━━━ Given material
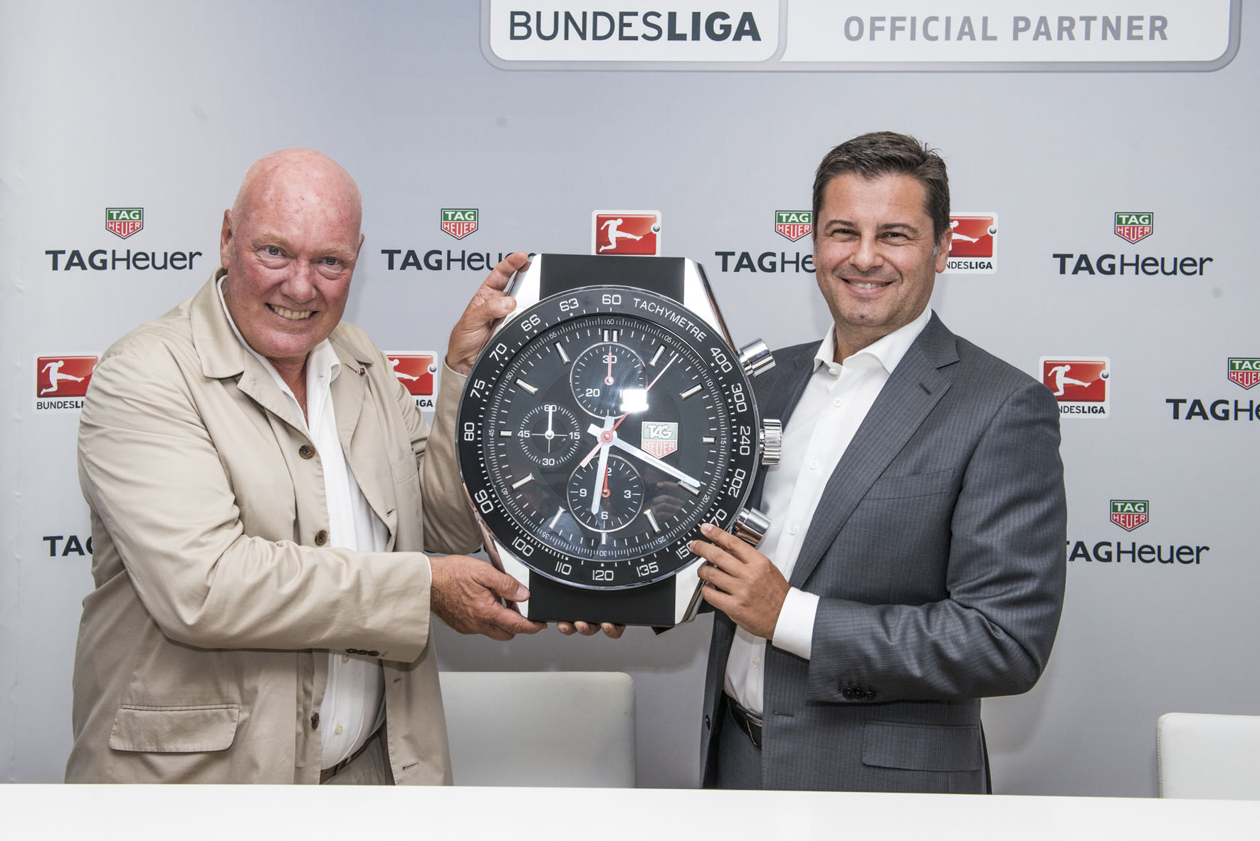 Jean Claude Biver CEO di TAG Heuer, presidente Divisione orologeria del gruppo LVMH e Christian Seifert CEO della Bundesliga tedesca hanno annunciato il 1° agosto una partnership pluriennale, che assume connotazioni diverse rispetto a una normale sponsorizzazione.
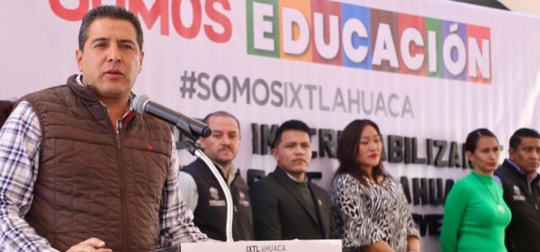Ixtlahuaca, México; 16 de noviembre de 20223. Abuzeid Lozano Castañeda, presidente municipal de Ixtlahuaca, encabezó la entrega de impermeabilizante para 40 instituciones educativas, con una
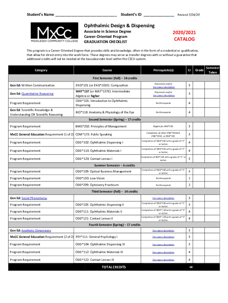 Students Name ___ Students ID ___ Revised 7/24/20Ophthalmic Design & Dispensing
━━━━━━
**What you should do**
Strip out the pictures and quote the remaining data word for word.

**Task response**
 Jean Claude Biver CEO di TAG Heuer, presidente Divisione orologeria del gruppo LVMH e Christian Seifert CEO della Bundesliga tedesca hanno annunciato il 1° agosto una partnership pluriennale, che assume connotazioni diverse rispetto a una normale sponsorizzazione.
Ixtlahuaca, México; 16 de noviembre de 20223. Abuzeid Lozano Castañeda, presidente municipal de Ixtlahuaca, encabezó la entrega de impermeabilizante para 40 instituciones educativas, con una
 Students Name ___ Students ID ___ Revised 7/24/20Ophthalmic Design & Dispensing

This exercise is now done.